• **What the exercise asks**
Make an exact copy of the listing, without images.

• **Source material**
——

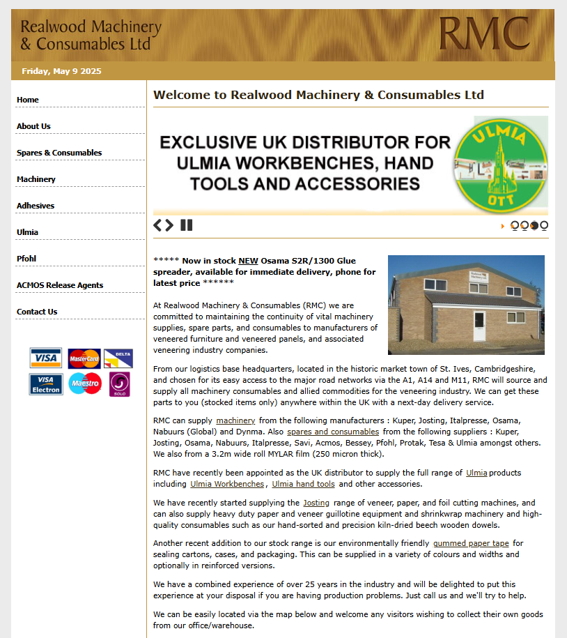 From our logistics base headquarters, located in the historic market town of St. Ives, Cambridgeshire, and chosen for its easy access to the major road networks via the A1, A14 and M11, RMC will source and supply all machinery consumables and allied commodities for the veneering industry. We can get these parts to you (stocked items only) anywhere within the UK with a next-day delivery service.
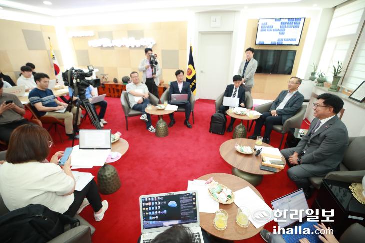 ![]() 김경학 제주도의회 의장이 18일 도의회 의장실에서 임기 종료를 앞두고 기자회견을 하고 있다. 사진=도의회 [한라일보] 제12대 제주특별자치도의회 전반기를 이끈 김경학 의장이 임기 2년간의 소회를 묻는 질문에 "가장 아쉬웠던 것은 민생 경제 회복"이라고 말했다. 앞으로의 정치 행보에 대해선 "(도의원 임기를 남겨둔) 지금 시점에선 구체적으로 언급하는 게 적절하지 않다"면서도 "정치적 공간이든 비정치적 공간이든, 그동안 받은 사랑을 도민사회에 돌려주기 위한 역할을 해 나가겠다"고 했다. 김경학 의장은 18일 도의회 의장실에서 열린 기자회견에서 이 같은 입장을 밝혔다. 이날 기자회견은 도의회 전반기 의장으로서 임기 종료를 앞두고 마련된 자리다. 제10대 도의원을 시작으로 12대까지 내리 3선에 당선된 김 의장은 2022년 7월 전반기 의장에 선출돼 오는 6월 30일 임기를 마치게 된다. 김 의장은 그동안의 성과에 대해 "의장으로 선출되며 다짐했던 게 45명 의원 모두가 주인공이 되는 의회를 만드는 것이었다"며 '관리형 의장', '조정형 의장'으로 의원들이 잠재력을 발휘하고 지혜와 역량을 모아나가는 데 역할을 했다고 강조했다. 그러면서 "견제와 감시라는 본연의 역할을 충실하며, 제주도와의 공동국비확보단 구성 등 협치를 통해 사상 최대의 국비 확보와 규제 개혁을 이뤄냈다"며 "활발한 조례 제개정과 현안 해결은 물론 소통창구도 확대했다"고 말했다. 김 의장은 "제주대병원에 행동발달증진센터가 문을 열고 제주대 특수교육과 설치도 조금씩 진전을 보이고 있다"면서 도민이 체감하는 실효성 있는 복지 정책도 성과로 꼽았다. ![]() 의장직을 내려놓은 뒤 의정 활동에 대해선 "의장으로 있을 때는 지역구 현안에 다소 소홀한 점이 있었다"면서 "평의원 신분으로 돌아가니 나머지 임기는 지역구 의원으로서 최선을 다하겠다"고 말했다. 앞으로의 정치 행보와 관련해 제주 행정체제 개편으로 시장 직선제가 도입될 경우 출마 의사를 묻는 질문에는 "지금 시점에서 구체적으로 얘기하는 것은 적절하지 않은 것 같다"면서도 "너무 큰 사랑을 받아 기대가 있으면 외면하기 쉽지 않다는 생각은 가지고 있다"며 가능성을 열어뒀다. ![]() ■기사제보 ▷카카오톡 : '한라일보' 또는 '한라일보 뉴스'를 검색해 채널 추가 ▷전화 : 064-750-2200 ▷문자 : 010-3337-2531 ▷이메일 : hl@ihalla.com ▶한라일보 다음채널 구독 바로가기 <저작권자 © 한라일보 (http://www.ihalla.com) 무단전재 및 수집·재배포 금지 > |
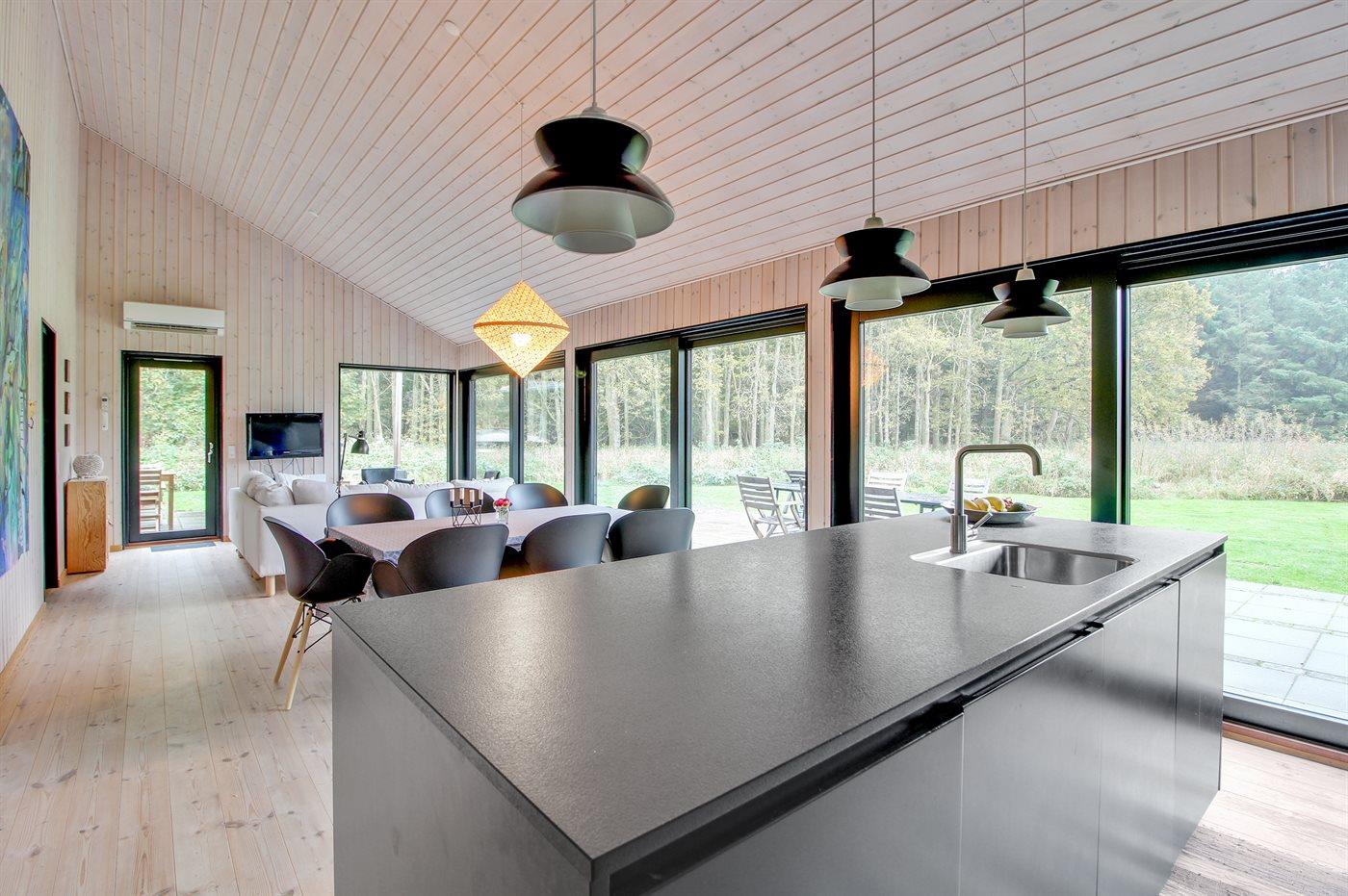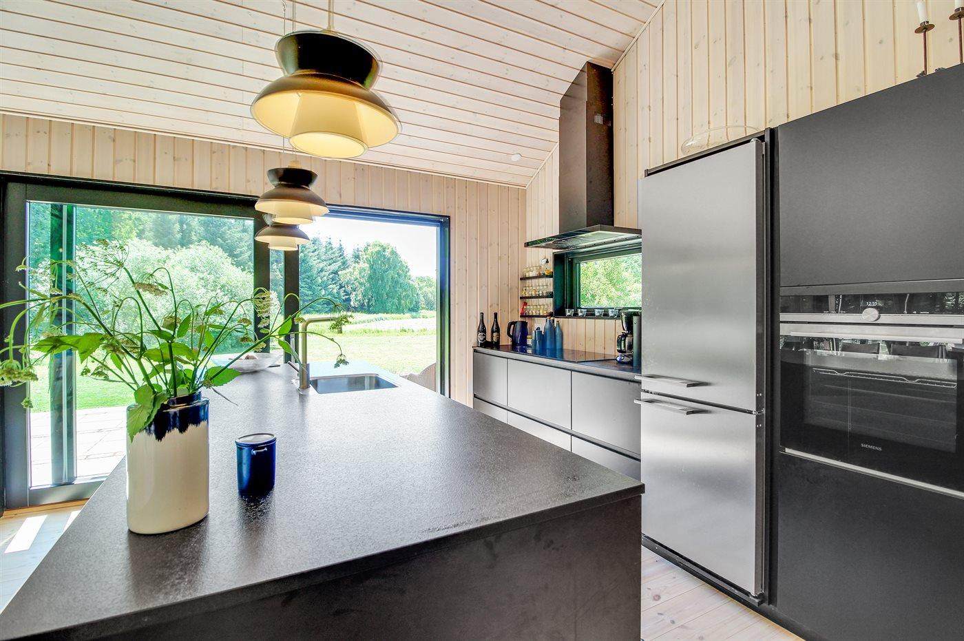 Køkkenet er udstyret med 1 køleskab. Der er 4 induktionskogeplader, varmluftovn samt opvaskemaskine.

——

• **Answer section**
 From our logistics base headquarters, located in the historic market town of St. Ives, Cambridgeshire, and chosen for its easy access to the major road networks via the A1, A14 and M11, RMC will source and supply all machinery consumables and allied commodities for the veneering industry. We can get these parts to you (stocked items only) anywhere within the UK with a next-day delivery service.
 ![]() 김경학 제주도의회 의장이 18일 도의회 의장실에서 임기 종료를 앞두고 기자회견을 하고 있다. 사진=도의회 [한라일보] 제12대 제주특별자치도의회 전반기를 이끈 김경학 의장이 임기 2년간의 소회를 묻는 질문에 "가장 아쉬웠던 것은 민생 경제 회복"이라고 말했다. 앞으로의 정치 행보에 대해선 "(도의원 임기를 남겨둔) 지금 시점에선 구체적으로 언급하는 게 적절하지 않다"면서도 "정치적 공간이든 비정치적 공간이든, 그동안 받은 사랑을 도민사회에 돌려주기 위한 역할을 해 나가겠다"고 했다. 김경학 의장은 18일 도의회 의장실에서 열린 기자회견에서 이 같은 입장을 밝혔다. 이날 기자회견은 도의회 전반기 의장으로서 임기 종료를 앞두고 마련된 자리다. 제10대 도의원을 시작으로 12대까지 내리 3선에 당선된 김 의장은 2022년 7월 전반기 의장에 선출돼 오는 6월 30일 임기를 마치게 된다. 김 의장은 그동안의 성과에 대해 "의장으로 선출되며 다짐했던 게 45명 의원 모두가 주인공이 되는 의회를 만드는 것이었다"며 '관리형 의장', '조정형 의장'으로 의원들이 잠재력을 발휘하고 지혜와 역량을 모아나가는 데 역할을 했다고 강조했다. 그러면서 "견제와 감시라는 본연의 역할을 충실하며, 제주도와의 공동국비확보단 구성 등 협치를 통해 사상 최대의 국비 확보와 규제 개혁을 이뤄냈다"며 "활발한 조례 제개정과 현안 해결은 물론 소통창구도 확대했다"고 말했다. 김 의장은 "제주대병원에 행동발달증진센터가 문을 열고 제주대 특수교육과 설치도 조금씩 진전을 보이고 있다"면서 도민이 체감하는 실효성 있는 복지 정책도 성과로 꼽았다. ![]() 의장직을 내려놓은 뒤 의정 활동에 대해선 "의장으로 있을 때는 지역구 현안에 다소 소홀한 점이 있었다"면서 "평의원 신분으로 돌아가니 나머지 임기는 지역구 의원으로서 최선을 다하겠다"고 말했다. 앞으로의 정치 행보와 관련해 제주 행정체제 개편으로 시장 직선제가 도입될 경우 출마 의사를 묻는 질문에는 "지금 시점에서 구체적으로 얘기하는 것은 적절하지 않은 것 같다"면서도 "너무 큰 사랑을 받아 기대가 있으면 외면하기 쉽지 않다는 생각은 가지고 있다"며 가능성을 열어뒀다. ![]() ■기사제보 ▷카카오톡 : '한라일보' 또는 '한라일보 뉴스'를 검색해 채널 추가 ▷전화 : 064-750-2200 ▷문자 : 010-3337-2531 ▷이메일 : hl@ihalla.com ▶한라일보 다음채널 구독 바로가기 <저작권자 © 한라일보 (http://www.ihalla.com) 무단전재 및 수집·재배포 금지 > |
 Køkkenet er udstyret med 1 køleskab. Der er 4 induktionskogeplader, varmluftovn samt opvaskemaskine.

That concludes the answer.